The GPS road tacklog
From Memephis to Topeka
from 2015/0730 au 2015/08/02
Diggins
On Thursday, July 30 I began the trip which was to lead me to Kansas
City, MO, that is to say approximately 800 km. I had defined the
most direct way in time. Around midday I arrived in an old village,
Hardy, whose architecture points out the westerns spaghettis. I
lunched on the spot before carrying on my way. From 16:00 I sought a
place of bivouac. Not seeing anything I stopped on the small carpark
of Diggins' commuter at the edge of the hwy #60 forecasting a night
hot and noisy.
Hardy, old village
Harrisonville
Contrary to my waiting I spent peaceful night, only, in the small
hour, the thundering horns of trains awoke me and not the rumbling
of trucks. I remained on the HWY #13 until Harrisonville where I
bivouacked on closed Weight Station. On the way as in all the
counties having a Amish community panels request the motorists to
respect tilburies. Then an informative signpost invited travellers
to visit the old downtown of Clinton where the buildings are out of
red bricks.
Hwy #13
Clinton
Kansas City, MO
The bivouac was peaceful, certainly trucks arrived in the night but
without noise of engine! I was going early to see the buildings
Art-Deco, according to Lonely-Planet, At the crossing of Broadway
and W 10th St but not terrible, the LP propose other places where I
did not go; moreover my compact camera was broken down of battery. I
went to Visitor Center not far from the WWI Museum and Memorial
which I visited the afternoon.
Downtown
The Nelson-Atkins Museum of Art
The morning occurred at Nelson-Atkins Museum of art whose
architecture represents the net of a ground of badminton and so that
the visitor is convinced by it immense flying of badminton precedes
it. As for the other museums of art I concentrated on the rooms of
painting and obviously of the French school. For the lunch of midday
I sacrificed to the traditional BBQ of Missouri at very famous
Joe's. I started by making a queue during half an hour before
providing to appreciate Ribs & Brisket Dinner which will not leave
me an imperishable memory. To click on the
photograph to visualize the photograph gallery
Joe's Kansas City Bar-B-Que
The National WWI Museum & Memorial
At the beginning of afternoon I returned to the WWI Museum &
Memorial. It is surmounted by Liberty Memorial offering a panoramic
sight of the city. The museography is superb and very didactic as in
all the modern museums in the USA. It is the best museum devoted to
the World War I which was not given to visit. It is worth the
returning; moreover the ticket of entry makes it possible to visit
it twice. I found a bivouac not far from Visitor Center of Lawrence
on the way for Topeka. To click on the
photograph to visualize the photograph gallery
Topeka, KS
Scenic River Road from Lawrence to Topeka
Yesterday at the beginning of evening a neighbor of the way of my
bivouac came to visit to me intrigued by my truck. We exchanged
information.
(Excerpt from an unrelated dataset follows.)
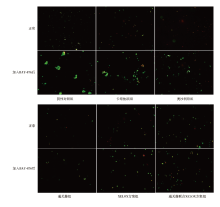 目的 探讨通关藤联合XELOX方案对人结直肠癌HCT116细胞双硫死亡的作用及相关机制。方法 体外培养结直肠癌HCT116细胞,分别用0、0.3、0.6、1.2、2.4、4.8 μg/ml浓度的卡培他滨,0、10、20、40、80、160 μg/ml浓度的奥沙利铂,0、15、30、60、120、240 mg/ml浓度的通关藤,0、4、8、16、32、64 μg/ml浓度的葡萄糖抑制剂BAY-876处理HCT116细胞;以及经25 μg/ml BAY-876预处理后再经以上各药物、各浓度处理HCT116细胞。将HCT116细胞分为阴性对照组(不做任何处理)、卡培他滨组(4.0 μg/ml)、奥沙利铂组(90 μg/ml)、通关藤组(140 mg/ml)、XELOX方案组(4.0 μg/ml卡培他滨+90 μg/ml奥沙利铂)、通关藤联合XELOX方案组(140 mg/ml通关藤+4.0 μg/ml卡培他滨+90 μg/ml奥沙利铂)。BAY-876处理组为以上各组别中,每组加入葡萄糖抑制剂BAY-876 25 μg/ml。采用MTT法检测细胞增殖情况,Annexin Ⅴ-FITC/PI双染法检测细胞凋亡情况,邻甲苯胺法检测葡萄糖浓度,NADPH比色法检测NADPH水平,胱氨酸摄取荧光法检测胱氨酸荧光强度,半胱氨酸比色法检测半胱氨酸含量。结果 经0、0.3、0.6、1.2、2.4、4.8 μg/ml浓度卡培他滨,0、10、20、40、80、160 μg/ml浓度奥沙利铂,0、4、8、16、32、64 μg/ml浓度BAY-876,以及经25 μg/ml葡萄糖抑制剂BAY-876预处理后再经上述各药物、各浓度处理HCT116细胞后,细胞存活率差异均有统计学意义(F=644.60,P<0.001;F=417.30,P<0.001;F=1 028.00,P<0.001;F=1 066.00,P<0.001;F=847.70,P<0.001),且随着各药物浓度增加,HCT116细胞活性均逐渐下降(均P<0.05);经0、15、30、60、120、240 mg/ml浓度通关藤,以及经25 μg/ml葡萄糖抑制剂BAY-876预处理后再经上述浓度药物处理HCT116细胞后,细胞存活率差异均具有统计学意义(F=107.50,P<0.001;F=619.70,P<0.001),且随着药物浓度增加,HCT116细胞活性呈现先上升后下降的趋势(均P<0.05)。Annexin Ⅴ-FITC/PI双染法结果显示,阴性对照组绿色、红色、黄色荧光强度均较弱,各用药组绿色荧光与红色荧光的表达增强,其中卡培他滨组红色荧光、黄色荧光占比较大;奥沙利铂组及通关藤组绿色荧光占比较小;XELOX方案组的绿色荧光和黄色荧光占比多于卡培他滨组及奥沙利铂组;通关藤联合XELOX方案组绿色荧光、红色荧光占比最大。经葡萄糖抑制剂BAY-876预处理后,各组细胞中绿色、黄色荧光均明显增多,其中,卡培他滨组和奥沙利铂组的绿色荧光、黄色荧光明显增多;XELOX方案组的3种荧光明显多于卡培他滨组和奥沙利铂组;通关藤联合XELOX方案组,3种荧光占比最大。阴性对照组、卡培他滨组、奥沙利铂组、通关藤组、XELOX方案组、通关藤联合XELOX方案组以及经葡萄糖抑制剂BAY-876处理HCT116细胞后以上各组的葡萄糖浓度分别为(19.91±0.13)、(22.82±0.88)、(11.87±0.14)、(17.93±0.14)、(10.53±0.10)、(7.56±0.08)μg/ml,(11.44±0.10)、(11.73±0.72)、(8.98±0.40)、(14.25±0.33)、(6.77±1.50)、(1.56±0.17)μg/ml,差异均有统计学意义(F=762.60,P<0.001;F=118.80,P<0.001);与无处理的各组相比,经葡萄糖抑制剂BAY-876处理HCT116细胞后的细胞内葡萄糖浓度均显著降低(t=86.50,P<0.001;t=16.90,P<0.001;t=11.83,P<0.001;t=17.79,P<0.001;t=4.35,P=0.012;t=54.34,P<0.001)。各组NADPH水平分别为(131.80±2.61)、(93.87±1.00)、(136.50±3.69)、(105.70±0.84)、(146.90±2.94)、(105.00±2.25)nmol/gProt,(92.33±0.23)、(88.63±0.31)、(97.33±2.02)、(81.77±1.33)、(102.80±1.61)、(85.13±0.45)nmol/gProt,差异均有统计学意义(F=225.60,P<0.001;F=125.50,P<0.001);与无处理的各组相比,经葡萄糖抑制剂BAY-876处理HCT116细胞后的细胞内NADPH水平均显著降低(t=26.11,P<0.001;t=8.62,P<0.001;t=16.13,P<0.001;t=26.38,P<0.001;t=22.78,P<0.001;t=14.97,P<0.001)。各组胱氨酸荧光强度分别为607.30±8.76、655.70±6.57、647.10±19.35、737.80±6.34、756.00±8.65、846.60±11.70,929.60±6.88、1 049.00±22.35、1 021.00±29.49、1 094.00±16.17、1 137.00±10.08、1 230.00±46.57,差异均有统计学意义(F=188.00,P<0.001;F=48.32,P<0.001);与无处理的各组相比,经葡萄糖抑制剂BAY-876处理HCT116细胞后的细胞内胱氨酸荧光强度均显著升高(t=50.09,P<0.001;t=29.26,P<0.001;t=18.34,P<0.001;t=35.53,P<0.001;t=49.66,P<0.001;t=13.83,P<0.001)。各组半胱氨酸含量分别为(457.00±30.69)、(581.20±30.69)、(326.40±5.49)、(374.20±5.54)、(565.30±5.54)、(246.80±30.69)μmol/L,(100.30±16.57)、(472.90±19.10)、(262.70±28.65)、(348.70±9.55)、(533.40±11.03)、(30.23±5.49)μmol/L,差异均有统计学意义(F=110.00,P<0.001;F=423.50,P<0.001);与无处理的各组相比,经葡萄糖抑制剂BAY-876处理HCT116细胞后的细胞内半胱氨酸含量均显著降低(t=17.71,P<0.001;t=5.19,P=0.006;t=3.78,P=0.019;t=4.00,P=0.016;t=4.47,P=0.011;t=12.03,P<0.001)。结论 通关藤联合XELOX方案可通过双硫死亡程序促进人结直肠癌HCT116细胞的死亡。

He offered me the boo: Kansas, Off the Beaten Path.
Then we built together on my on my navigation computer under
QuoVadis a superb road, Scenic River Road, to go from Lawrence to
Topeka. I regaled myself while remembering
Transpyrenean. Thank
you Matt.
Brown vs Board of Education
In Topeka I stopped to visit Brown vs National Board of Education
Historic Site installed in Monroe Elementary School. It recalls the
combat of African-Americans for desegregation at the school. The
museum covers the whole the movement for the equality of the Civil
Rights. Then I establish my bivouac at KOA of Topeka.